The 7th book was an exciting ride,an adventure, but spoiled by 
the "happy ever after".





--- In HPforGrownups at yahoogroups.com, "littleleahstill" 
<leahstill at ...> wrote:
> 
> 
> 
> Leah: 
> 
> 
> 
>SNIP.... I wouldn't expect a whoopedy-
> do 
> world after Voldemort's defeat, with all house elves liberated 
> overnight, but I would have expected some sort of abolition 
> movement.  I would have expected some evidence of a change in 
> mindset. SNIP
> 
> And then there's the whole Slytherin problem. From Hagrid in book 
> one onwards, Slytherin has been the despised, the evil house; it's 
> been reinforced in every book. Even in DH, DD doesn't say, "You've 
> been a brave chap,Severus, there must be good in Slytherin", 
> it's "we sort too soon", ie. you should have been a Gryffindor, 
mate 
> (and Pettigrew presumably in Slytherin).  As others have pointed 
> out, no Slytherin student is named as fighting with Harry.  If 
> Slytherin is indeed so corrupt and hopeless, why does it still 
> exist? Or why hasn't it been renamed Snape House and reformed?  

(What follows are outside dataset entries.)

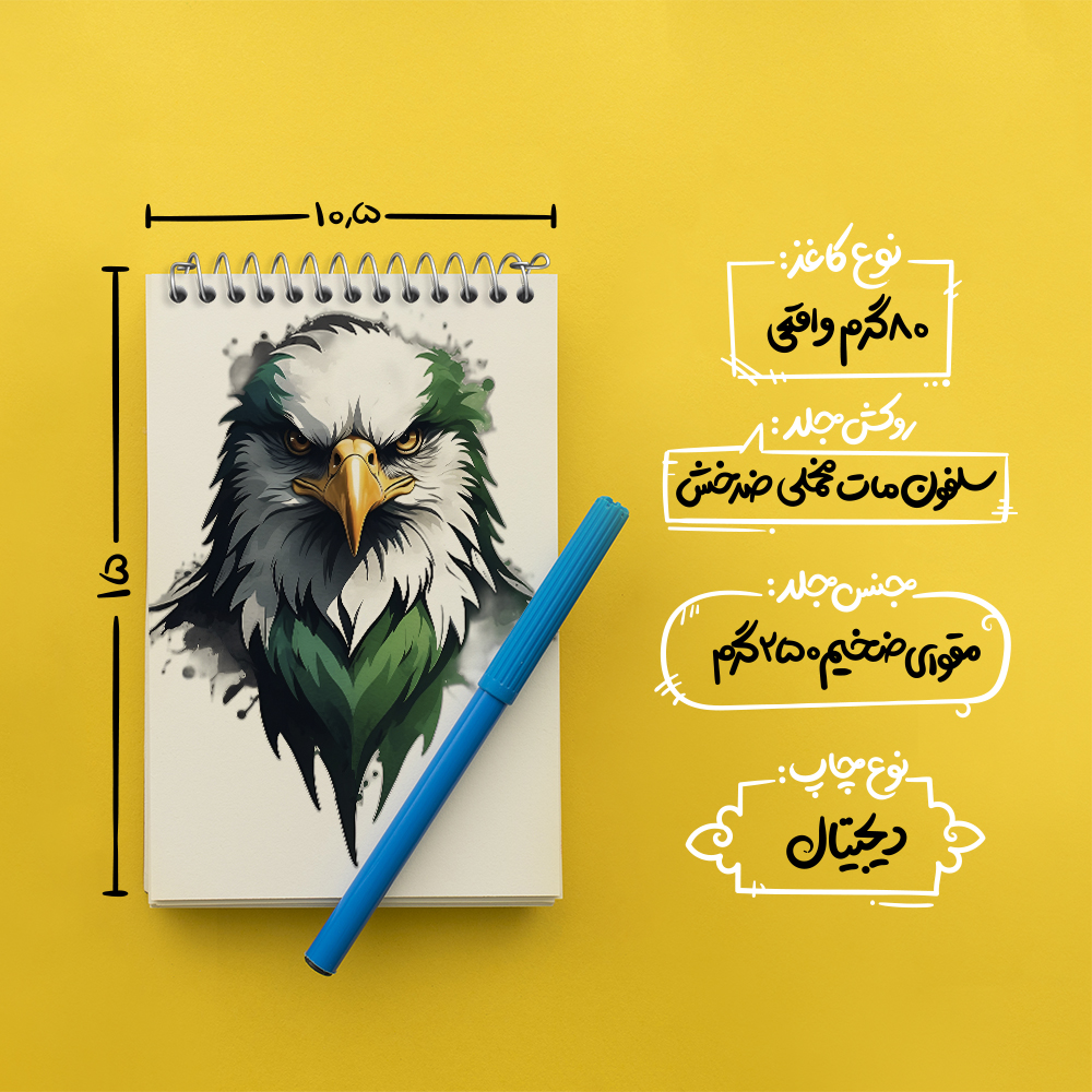 برند خندالو در زمینه تولید انواع دفاتر فانتزی و تحصیلی فعالیت میکند که به دلیل جذابیت ظاهری و طرح های متنوع طرفداران زیادی دارد. دفتر یادداشت خندالو طرح عقاب محصولی مناسب برای همه عاشقان لوازم التحریر است و همچنین همه کسانی که بنا به موقعیت تحصیل یا شغلشان با دفتر و نوشت افزار زیاد سر و کار دارند. در تولید دفتر یادداشت خندالو طرح عقاب از نوع صحافی فنر مارپیچ استفاده شده که در این نوع صحافی برگهها به راحتی چرخیده و یا بیرون آورده می شوند. دفتر های خندالو دارای جلد انعطاف پذیر از جنس مقوای گلاسه 250 گرم با روکش سلفون مات مخملی است که به شما امکان میدهد از دفتر خود بدون اینکه نگرانی از شکستن یا خراب شدن جلد را داشته باشید استفاده کنید و همچنین در این دفاتر از کاغذ 80 گرم با کیفیت استفاده شده که باعث میشود هنگام نوشتن به خوبی جوهر قلم بر روی صفحه نشسته و از خط خوردگیها جلوگیری کند. دفتر یادداشت خندالو با جنس و دوام مناسب، برگه های کاملاً سفید و خطوط طوسی دقیق را داراست که انسان را به نوشتن منظم و زیبا ترغیب میکند. طراحی کاملاً مناسب این دفاتر، به همراه کیفیت بالا، از آن یک محصول مورد علاقه و قابل اعتماد برای همه مقاطع تحصیلی میسازد. دفتر یادداشت خندالو طرح عقاب انتخابی هوشمندانه و مناسب برای افرادی است که به دنبال دفتری با کیفیت و کاربرد عالی هستند. این دفتر، همراه خوبی برای شما در تمام مراحل تحصیل و کار خواهد بود و تجربهای لذتبخش از نوشتن و آموختن را به شما هدیه میدهد.
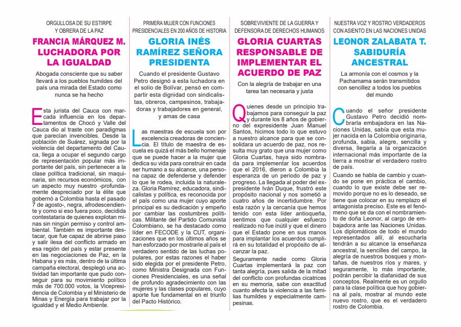 Francia Márquez, Gloria Inés Ramírez, Gloria Cuartas y Leonor Zalabata son, sin lugar a duda, las más dignas y fieles representantes de la Colombia sencilla, estudiosa, enjundiosa, valiente y bella en todos los aspectos, y precisamente es la Colombia desconocida por el mundo entero, pues el rostro que la comunidad internacional conoce no corresponde en nada a la forma de ser de nuestro pueblo y la esencia de nuestro país, la semblanza distorsionada que permanece en el imaginario de gran parte de la humanidad, es la que formó el Viejo Orden que terminó el pasado 7 de agosto para mantener el gran negocio de la guerra sin que les importara para nada el sufrimiento causado al noventa y cinco por ciento de la población colombiana.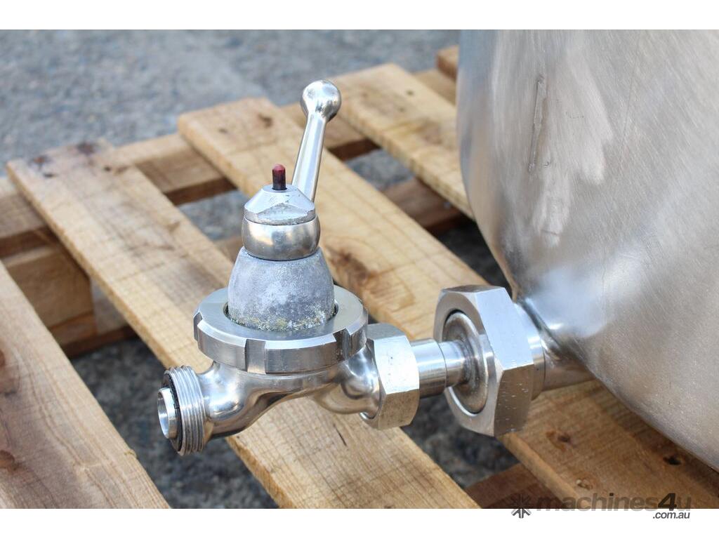 Stainless Steel Tank, capacity 500L, internal dimensions: 850mm dia x 860mm deep, open top, sloping bottom to a 20mm dia side bottom outlet with valve, overall height 1040mm, three welded tubular legs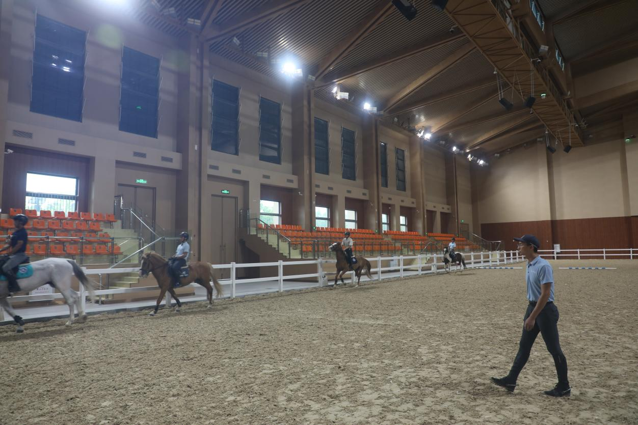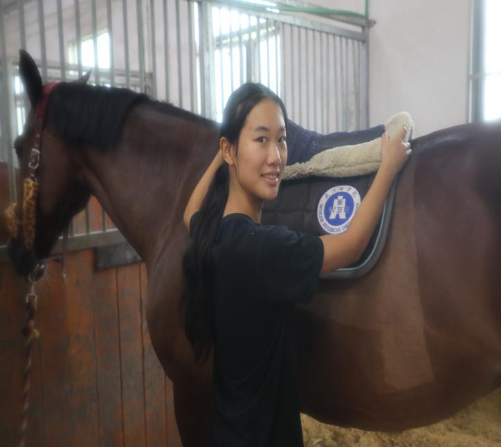 马靴里的脚早已被汗水泡得发皱,手掌磨出的茧子沾着汗水发亮,可只要跨上马鞍,起坐、压浪、停止,每一个动作都力求精准。骑术教师熊露华带着大家一遍遍打磨动作,沙哑的嗓音里满是坚定:“马术不等人,夏天的热是考验,也是咱们赶超的机会。”他的声音早已嘶哑,可示范起动作来,腰杆挺得笔直。

> We're talking about changing a school system here, not the world.  
> Harry's behaviour in the epilogue is totally inconsistent.  He 
> whispers to Albus Severus that it won't matter to the Potters if 
> their son is in Slytherin. But if Slytherin is what it seems to be, 
> it should matter.  On the other hand, if Harry believes that 
Snape's 
> life and death make Slytherin worthy of equal treatment, then why 
> does he whisper this, and not shout it out? Why has he allowed one 
> son to taunt the other all summer with the threat of being in 
> Slytherin, without apparently doing anything to stop him? 
> 
> If the septology had just been about the defeat of Voldemort, the 
> mythic overcoming of good by evil, I wouldn't mind.  This would be 
> as you say, an individual victory and the world goes on unchanged.  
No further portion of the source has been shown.